Author: Ethan Carter
Ethan is a seasoned cryptocurrency writer with extensive experience contributing to leading U.S.-based blockchain and fintech publications. His work blends in-depth market analysis with accessible explanations, making complex crypto topics understandable for a broad audience. Over the years, he has covered Bitcoin, Ethereum, DeFi, NFTs, and emerging blockchain trends, always with a focus on accuracy and insight. Ethan's articles have appeared on major crypto portals, where his expertise in market trends and investment strategies has earned him a loyal readership.
Fasset has obtained a provisional license from Malaysia’s Labuan Financial Services Authority (FSA) to establish what it claims is the first stablecoin-powered “Islamic digital bank.”This license permits Fasset, a comprehensive financial super app, to function within a regulated sandbox tailored for Shariah-compliant financial offerings, the company announced in a news release on Tuesday.“We can now merge the reliability of a global banking institution with the creativity of a fintech innovator that is fully halal,” stated Fasset CEO Mohammad Raafi Hossain.Islamic finance is based on Islamic law (Shariah), which prohibits the charging of interest (riba), avoids excessive risk and uncertainty (gharar),…
Key takeaways:ETH ETFs have broadened access, but capital flows remain cyclical.SOL’s infrastructure is in place: CME futures launched, with options expected on Oct. 13 (pending approval).The SEC’s new standards enable quicker listings for spot-commodity ETPs beyond BTC and ETH.For SOL to surpass ETH, it must see sustained creations, effective hedging, genuine on-chain usage, and ongoing developer activity.Ether (ETH) currently holds an advantage in the ETF landscape: Spot Ether ETFs launched on July 23, 2024, leading to around $107 million in net inflows on their first day and paving an accessible route for investors via brokers and retirement accounts.Conversely, Solana’s (SOL)…
Sure!
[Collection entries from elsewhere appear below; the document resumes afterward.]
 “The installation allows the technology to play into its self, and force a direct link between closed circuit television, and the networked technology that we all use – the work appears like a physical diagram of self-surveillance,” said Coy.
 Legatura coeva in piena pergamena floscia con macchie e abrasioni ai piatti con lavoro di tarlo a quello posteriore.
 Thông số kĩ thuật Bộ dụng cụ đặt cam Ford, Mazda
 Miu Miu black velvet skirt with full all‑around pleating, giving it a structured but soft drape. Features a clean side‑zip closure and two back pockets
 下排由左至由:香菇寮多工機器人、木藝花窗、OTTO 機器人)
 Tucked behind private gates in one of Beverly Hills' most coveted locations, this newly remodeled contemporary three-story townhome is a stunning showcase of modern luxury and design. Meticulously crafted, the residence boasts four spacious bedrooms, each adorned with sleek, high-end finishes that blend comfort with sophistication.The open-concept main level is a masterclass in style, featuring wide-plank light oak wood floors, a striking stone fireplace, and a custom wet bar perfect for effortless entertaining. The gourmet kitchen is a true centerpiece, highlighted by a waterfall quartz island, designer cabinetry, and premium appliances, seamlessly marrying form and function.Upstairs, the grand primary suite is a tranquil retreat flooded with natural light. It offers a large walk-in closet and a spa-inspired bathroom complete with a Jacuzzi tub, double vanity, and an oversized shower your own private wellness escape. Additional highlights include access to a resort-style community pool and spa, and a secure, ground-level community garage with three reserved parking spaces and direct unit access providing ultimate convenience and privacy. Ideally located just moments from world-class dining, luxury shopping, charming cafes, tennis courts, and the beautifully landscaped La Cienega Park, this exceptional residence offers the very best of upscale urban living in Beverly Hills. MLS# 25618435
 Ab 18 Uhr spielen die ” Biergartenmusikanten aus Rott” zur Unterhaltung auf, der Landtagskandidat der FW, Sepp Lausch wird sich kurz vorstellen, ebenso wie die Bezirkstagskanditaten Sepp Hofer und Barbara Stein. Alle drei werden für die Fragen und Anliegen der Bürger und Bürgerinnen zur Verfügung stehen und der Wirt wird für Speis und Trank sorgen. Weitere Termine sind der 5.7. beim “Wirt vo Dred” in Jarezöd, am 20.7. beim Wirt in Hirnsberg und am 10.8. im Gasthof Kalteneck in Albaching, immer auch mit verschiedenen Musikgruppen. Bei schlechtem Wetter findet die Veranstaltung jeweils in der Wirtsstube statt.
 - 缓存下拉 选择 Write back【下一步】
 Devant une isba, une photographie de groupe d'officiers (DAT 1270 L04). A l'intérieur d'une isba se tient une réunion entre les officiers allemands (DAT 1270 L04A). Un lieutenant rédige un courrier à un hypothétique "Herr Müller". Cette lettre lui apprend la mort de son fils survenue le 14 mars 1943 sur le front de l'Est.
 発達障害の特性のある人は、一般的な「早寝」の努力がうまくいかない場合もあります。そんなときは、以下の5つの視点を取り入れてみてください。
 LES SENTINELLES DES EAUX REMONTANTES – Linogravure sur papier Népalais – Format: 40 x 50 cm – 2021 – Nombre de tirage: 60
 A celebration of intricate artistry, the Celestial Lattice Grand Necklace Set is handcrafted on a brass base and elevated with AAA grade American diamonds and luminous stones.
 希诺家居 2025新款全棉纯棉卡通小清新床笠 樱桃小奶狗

Here’s a rewritten version of the content while keeping the HTML tags intact: According to pro-crypto Senator Cynthia Lummis, the United States may start gathering funds for the Strategic Bitcoin Reserve “anytime.” She proposed this initiative last year. Summary Senator Cynthia Lummis asserts that the U.S. can initiate funding for its Strategic Bitcoin Reserve “anytime.” In March 2025, President Donald Trump signed an executive order to establish a Strategic Bitcoin Reserve (SBR). Funding for the U.S. Bitcoin reserve will be sourced from seized assets and budget-neutral methods. After a period of silence, Lummis has revealed that the U.S. government…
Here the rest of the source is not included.